The power of federal government agencies over local authorities was at issue before the U.S. Supreme Court on Wednesday, in two complex cases whose outcome could affect the spread of wireless telephone services nationwide.
The specific issue was whether the Federal Communications Commission had authority to step in and try to speed up the process for installing wireless communications towers when state and local authorities were slow to act.
A broad ruling against the FCC could set standards that make courts more willing to limit agencies’ authority to interpret and apply laws, which some critics say belongs with elected officials or the courts themselves.
“The dividing line between state authority and federal authority is a more significant one than some of the other questions as to which agencies get deference,” Chief Justice John Roberts told Solicitor General Donald Verrilli, who argued on the FCC’s behalf.

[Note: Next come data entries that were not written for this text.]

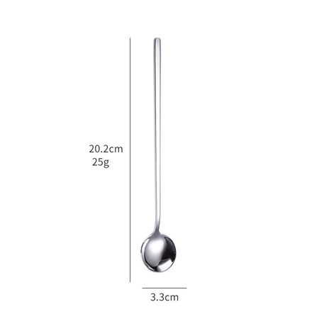 Ложка из пищевой нержавеющей стали 304 с длинной ручкой для мороженого, чая, кофе, круглые ложки для размешивания, столовые приборы, кухонные принадлежности для бара 01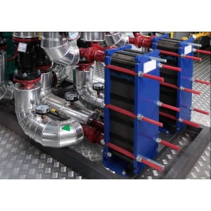 由于板式換熱器是由一系列具有一定波紋形狀的金屬片疊裝而成的一種新型高效換熱器。各種板片之間形成薄矩形通道,通過板片進行熱量交換,其結構緊湊,操作維護簡便,傳熱效率高等特點,已成為城市集中供熱工程中換熱站的首選換熱產品,適用于水—水換熱系統,汽—水換熱系統及生活熱水供應系統,對合理分配熱能,提高熱管理水平起到重要作用。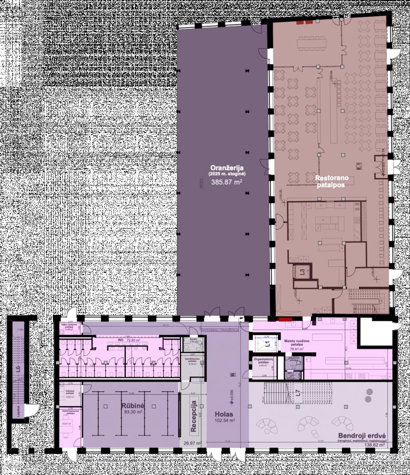 Unikali erdvė - 7m aukščio, 75 metų medinės lubos, be kolonų.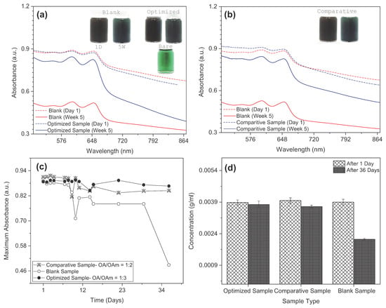UV–vis and visual observation analysis of the CuO nanolubricant functionalized with the OA/OAm ligand pair in comparison with the blank sample without any functionalization, over a five-week period. (a) UV spectra of optimized sample (OA/OAm of 1:3). (b) UV spectra of the comparative sample (OA/OAm of 1:2). (c) The maximum absorbance value of the three samples over 36 days. (d) UV–vis dispersion stability evaluation for the loss of concentration.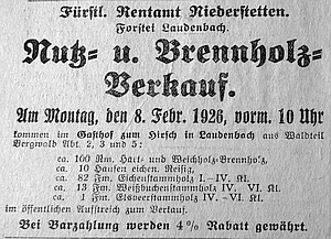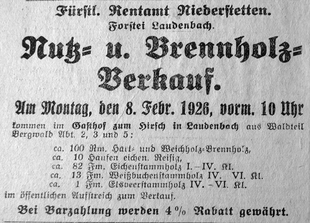 4. Februar 1926. Anzeige Fürstl. Rentamt Niederstetten. Nutz- u. Brennholz-Verkauf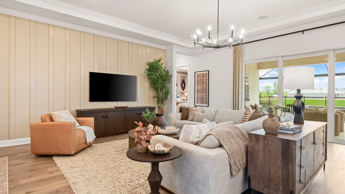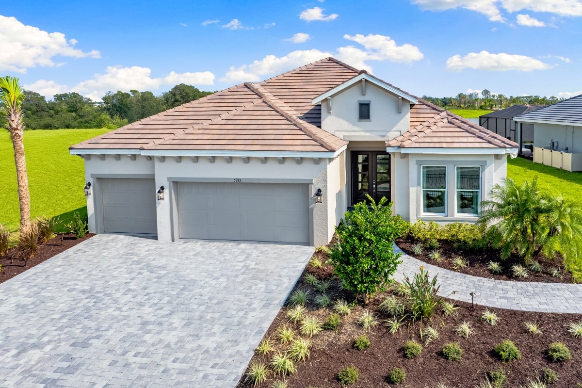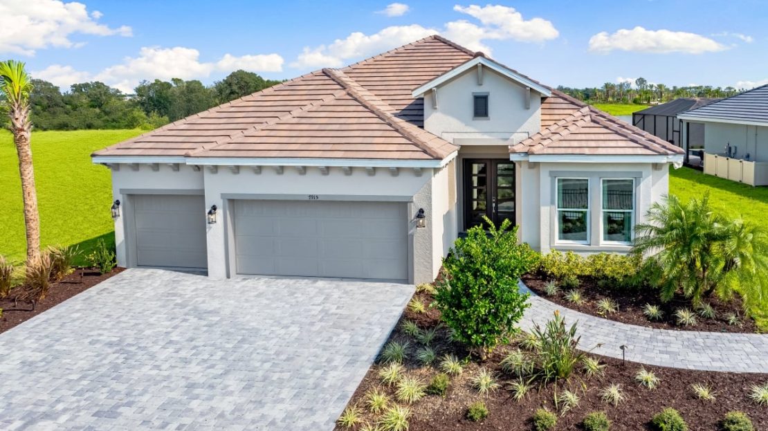 From breezy open spaces to private retreats, the Pallazio II floor plan is designed for effortless luxury. This 1-story home features 3 bedrooms, 3.5 bathrooms, a 3-car garage and 2,833 square feet. Head through the porch and into a sweeping foyer to find beautiful open-concept living spaces. A great room flows into formal and casual dining areas, a modern kitchen and a breathtaking lanai. Gorgeous Florida sunsets, here you come! Tucked away is a luxurious primary suite, complete with a spa-inspired primary bathroom with a walk-in closet, the perfect spot to relax and unwind. Back towards the front of the home, discover two-bedroom suites, each with their own bathroom, plus a powder room, a laundry room and a flex room to customize. Transform this space into anything you wish!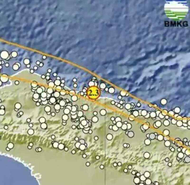 Gempa 2.3 Magnitudo sekitar pukul 02:47:32 WIB terjadi di Papua, tepatnya di Kabupatem Jayapura, pada koordinat 2.41LS, 140.54BT.-IG@infobmkg-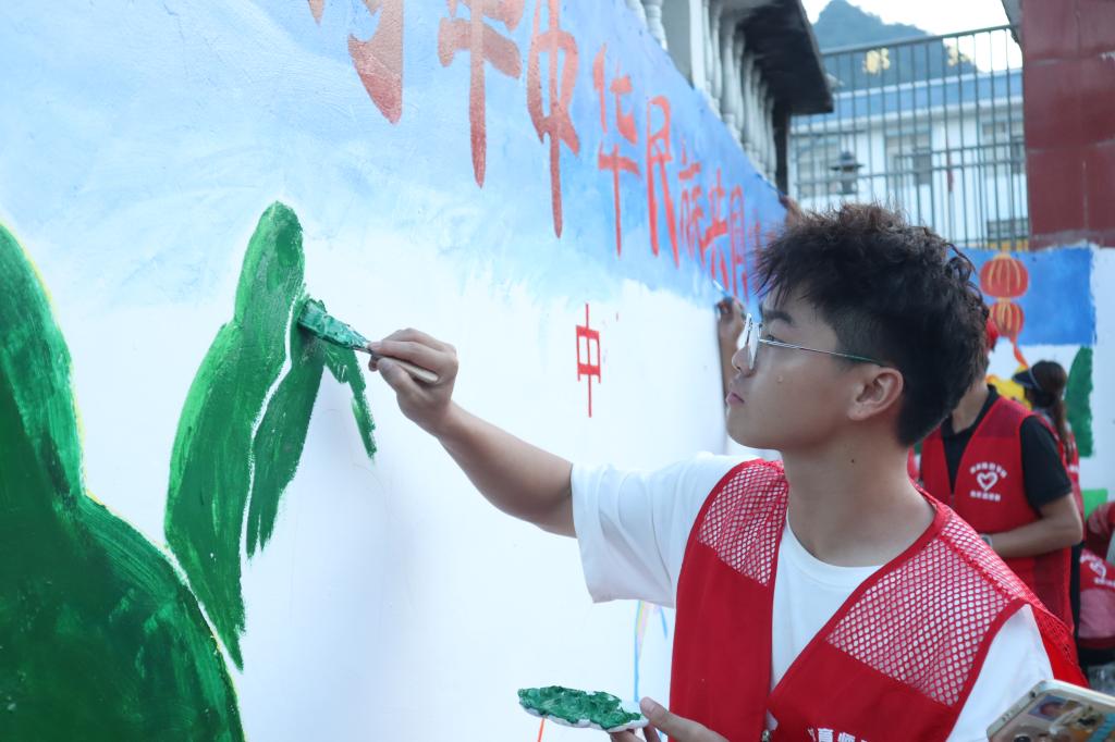8月6日至7日,“同心筑梦”民族团结实践团首先赴武篆镇那烈村,与那烈村村委干部、群众代表进行交流座谈。在那烈村党总支部书记的详细介绍下,师生们对那烈村的历史和乡村振兴的发展有了更深入的了解。随后,师生们拿起铲子、手套等工具前往那列村民族团结进步文化长廊区域开展清洁乡村行动。最后实践团结合那烈村的民族特色和村域发展,充分发挥体育教育专业和小学教育专业的优势,以墙为布,以笔为媒,用绚丽的色彩和生动的图案,为那烈村绘制了一幅富有民族团结和地方特色的手绘墙画。在绘画过程中,同学们顶着炎炎烈日,怀着满腔热情,用心用情勾画着每一笔,经过大家共同努力,普通单调的白墙摇身变成了美化村庄靓丽名片,成为那烈村“民族团结一家亲”鲜明生动的宣传新阵地。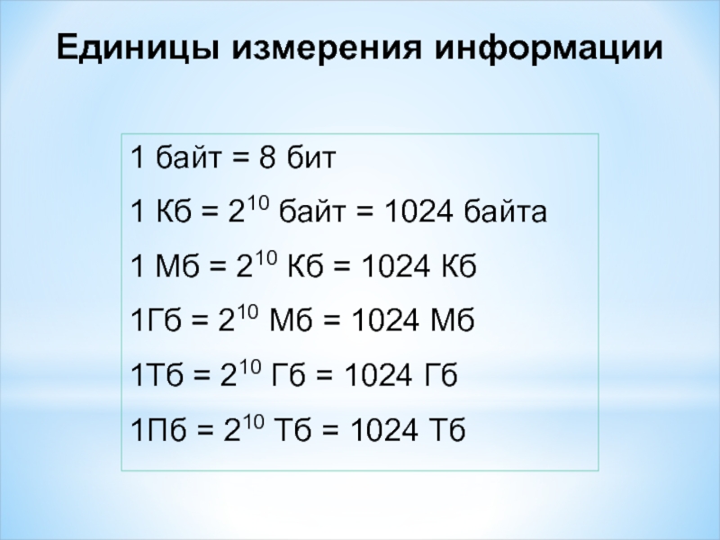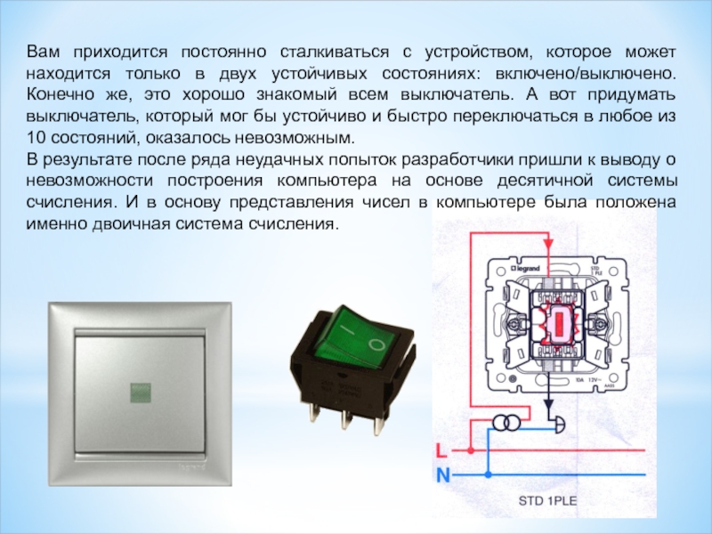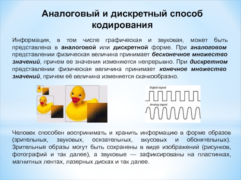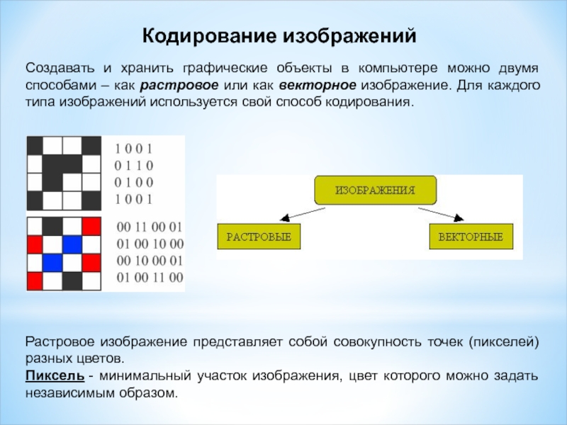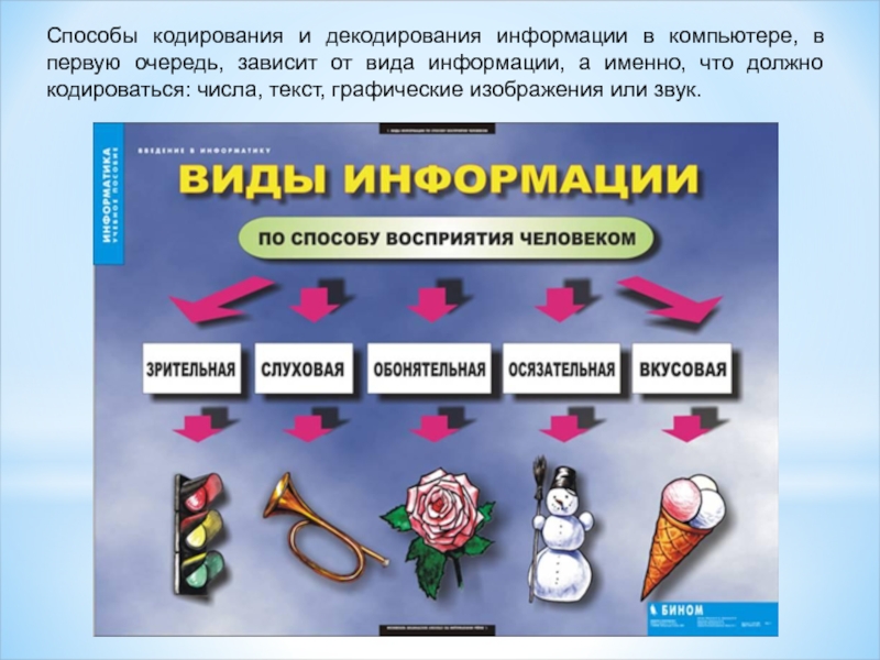 принято называть двоичными цифрами или битами. С помощью двух цифр 0 и 1 можно закодировать любое сообщение. Это явилось причиной того, что в компьютере обязательно должно быть организованно два важных процесса: кодирование и декодирование.Кодирование – преобразование входной информации в форму, воспринимаемую компьютером, т.е. двоичный код.

Roberts described as “vastly different propositions” having the federal judiciary define the limits between state and federal power, and having “an agency of unelected bureaucrats responsible to the executive” do so.
Wednesday’s cases involved a federal law requiring state and local governments to act on tower siting applications within a “reasonable period of time.”
The FCC decided that 90-day and 150-day deadlines were fair, and a federal appeals court upheld its decision. AT&T Inc, Deutsche Telekom AG’s T-Mobile USA Inc and Verizon Wireless, a venture of Verizon Communications Inc and Vodafone Group Plc in court papers support that view.
But Los Angeles, San Antonio, Arlington, Texas, and the New Orleans city council said this interfered with their power to enforce local zoning standards. They argued that the court should have exercised its own judgment rather than deferred to the FCC.
In 1984, the Supreme Court in Chevron USA Inc v. Natural Resources Defense Council Inc set out a test for when to defer to a government agency’s interpretation of a law it administers.
Under that test, if Congress addressed the issue in dispute, then a court must honor that intent. But if the law were silent or ambiguous, then a court should defer to the agency so long as its interpretation is “permissible.”
Thomas Goldstein, a lawyer representing the cities, countered that this was the wrong standard, and that Congress did not give the FCC power to set the time limits.
“We recognize that it has its expertise,” he said, referring to the FCC. “The question is, do we have to, when the statute is ambiguous, as it will often be, accept as a matter of law their view that they do have jurisdiction.”
Verrilli countered that agencies should not be forced to distinguish between jurisdictional and nonjurisdictional issues.
“Chevron does provide a stable framework for the development of administrative law,” he said. Ignoring it, he said, could prompt demands that courts delve into too many agency decisions, and result in the “ossification of the administrative process.”
A decision is expected by the end of June.